BTW, although I don’t find the strip any funnier than the rest of you, I have to admit I admire Hart for his ambitious extended plotline a couple of years ago when he introduced Conahonty and the other new characters. (It was quite a dramatic change for a comic as old and established as this one–I wish it had actually worked to freshen things up a bit, but I like Hart for trying, anyway.) Since I missed most of it, I now have a perverse and almost masochistic desire to read the whole thing. Are those strips archived anywhere online or available in a print collection?
Cn:* I had always believed that Hart had placed *B.C., *like *The Wizard of Id, in a deliberately ambiguous setting. . . .
Of course clams have legs! They just haven’t any feet.
Given Hart’s obvious beliefs, I always wondered what to make of Grog, who appears to be a Neanderthal or Homo erectus or something, implying an acceptance of human evolution.
I’ve got it! B.C. takes place on Earth after the Apocalypse, and is set in the burned-out husk of Earth following full nuclear war and the God/Satan smackdown. The human cast is small because everybody else is either dead or raptured, and strange demonic/mutant creatures thrive (even forming full societies, like the ants). The references to Christianity are due to the hoping of the people that they, too, may eventually be spirited away from the irradiated desert wasteland they currently inhabit.

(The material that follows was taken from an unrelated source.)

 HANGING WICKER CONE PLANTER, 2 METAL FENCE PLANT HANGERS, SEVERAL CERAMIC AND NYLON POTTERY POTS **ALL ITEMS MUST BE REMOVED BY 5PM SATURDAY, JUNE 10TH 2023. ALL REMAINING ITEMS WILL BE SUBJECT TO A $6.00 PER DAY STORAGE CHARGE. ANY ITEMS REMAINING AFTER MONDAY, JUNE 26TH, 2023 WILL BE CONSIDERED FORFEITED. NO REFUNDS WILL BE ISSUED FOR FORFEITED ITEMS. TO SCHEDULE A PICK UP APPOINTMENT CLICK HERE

It’s a story about grim survival and reclaiming faith, despite evidence to the contrary. It all makes sense now.
I haven’t read B.C. in a long time. Has it gone downhill? Because when I was younger, I thought it was hilarious. I even collected the books. My favorite exchange:
B.C. : “CLAMS GOT LEGS!”
Clam: “Now I have to kill him.”
B.C. : “Why do you have to kill me?”
Clam: “Because if I don’t, the other clams will kill me for giving away the secret.”

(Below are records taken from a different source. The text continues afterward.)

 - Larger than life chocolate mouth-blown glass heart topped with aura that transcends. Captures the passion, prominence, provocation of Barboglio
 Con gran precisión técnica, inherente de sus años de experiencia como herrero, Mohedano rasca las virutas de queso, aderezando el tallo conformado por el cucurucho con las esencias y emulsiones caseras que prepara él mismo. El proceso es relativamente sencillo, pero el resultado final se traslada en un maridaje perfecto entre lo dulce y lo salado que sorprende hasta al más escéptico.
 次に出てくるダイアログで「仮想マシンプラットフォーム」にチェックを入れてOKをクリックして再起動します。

B.C.: “How will they do that?”
Clam: “If I know them, they’ll probably kick me to death.”
B.C.: “Okay, tell you what. You agree not to kill me, and I’ll keep your secret safe. Deal?”

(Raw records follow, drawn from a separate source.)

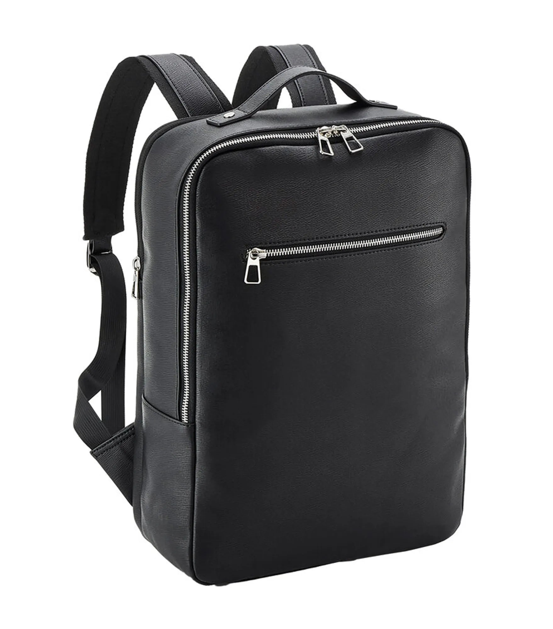 Backpack in leather imitation. Contains 100% GRS certified recycled polyester, certified by Control Union CU811033. Main compartment with two-way zipper. Rear padded laptop compartment, with room for a 16 inch laptop. Front zipper pocket. Internal bottle holder. Two internal slip pockets. Adjustable shoulder straps. Carrying handle. Rear strap for compatibility with rolling luggage cases. Lining with hidden zipper for decoration. TearAway label.
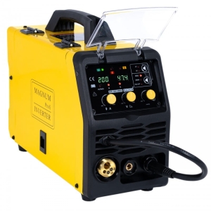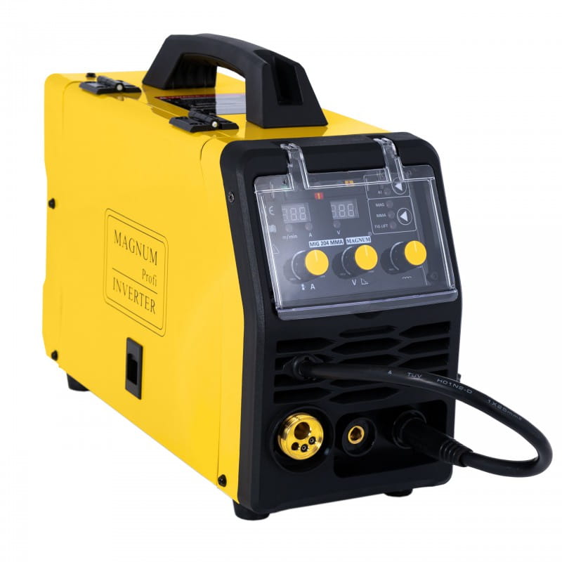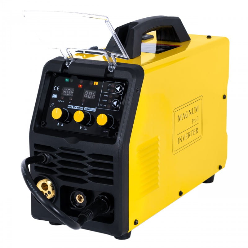 Spawarka MAGNUM MIG 204 MMA to niewielkie, profesjonalne urządzenie spawalnicze, przeznaczone do spawania metodą MIG/MAG, MMA i TIG LIFT. Urządzenie służy do ręcznego, elektrycznego spawania stali niskowęglowej, niskostopowej (MAG), stalistopowych (MIG) oraz aluminium i jego stopów.
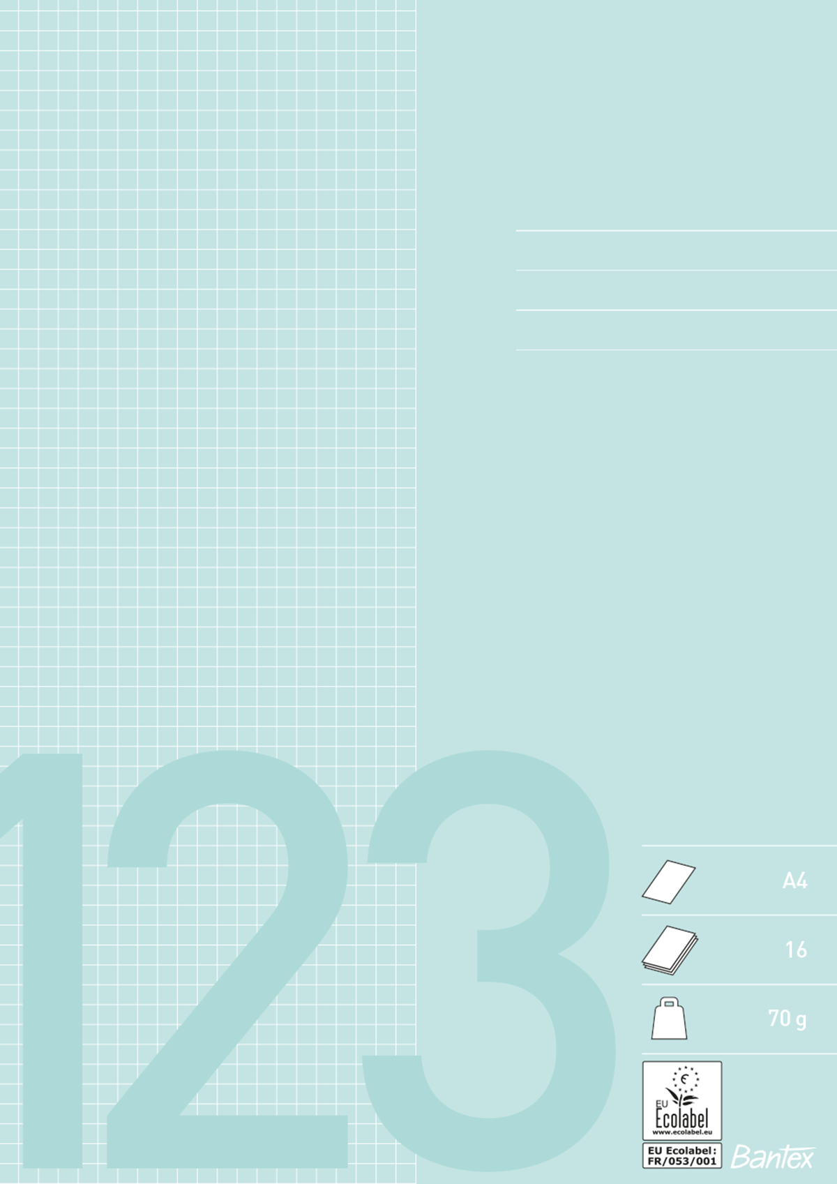 Skolhäfte i 70 g papper. A4-format. Linjeringsdetaljer: rutor 5x5 mm. 16 blad.

Clam: “Deal. Shake on it.”
B.C.: “CLAMS GOT HANDS!”
My other favorite involved the ants. Dad ant is at home, and his daughter and brings home her fiance’ to meet Dad. This is the exhange:
Dad Ant: “So, what do you do for a living?”
Fiance’ Ant: “Nothing.”
Dad: “Well, what do you plan to do?”
Fiance’: “Nothing.”
Dad: “So, you’re telling me you’re a professional bum?”
Fiance’: “Nah. I don’t turn pro until the wedding.”
You are clearly thinking of oysters.
Oh, easy! There were Neanderthals and H. erectus and so forth, they were just created separately, like all the others.
Like you, I thought it was hilarious and collected the books when I was young. Unlike you, I have been foolish enough to read it in the past 20 years. Trust me: preserve your memories – they’re all that’s left you.
I still read it in hopes of a good visual pun turning up. Doesn’t pay off very often though.
While it’s lately turned into a forum for Hart to vent his questionable theology, my distinct impression is that the conception of the entire strip is one massive anachronism joke – cave-men characters having anachronistic knowledge of the present day, and riffing humor off that rich field of possibilities.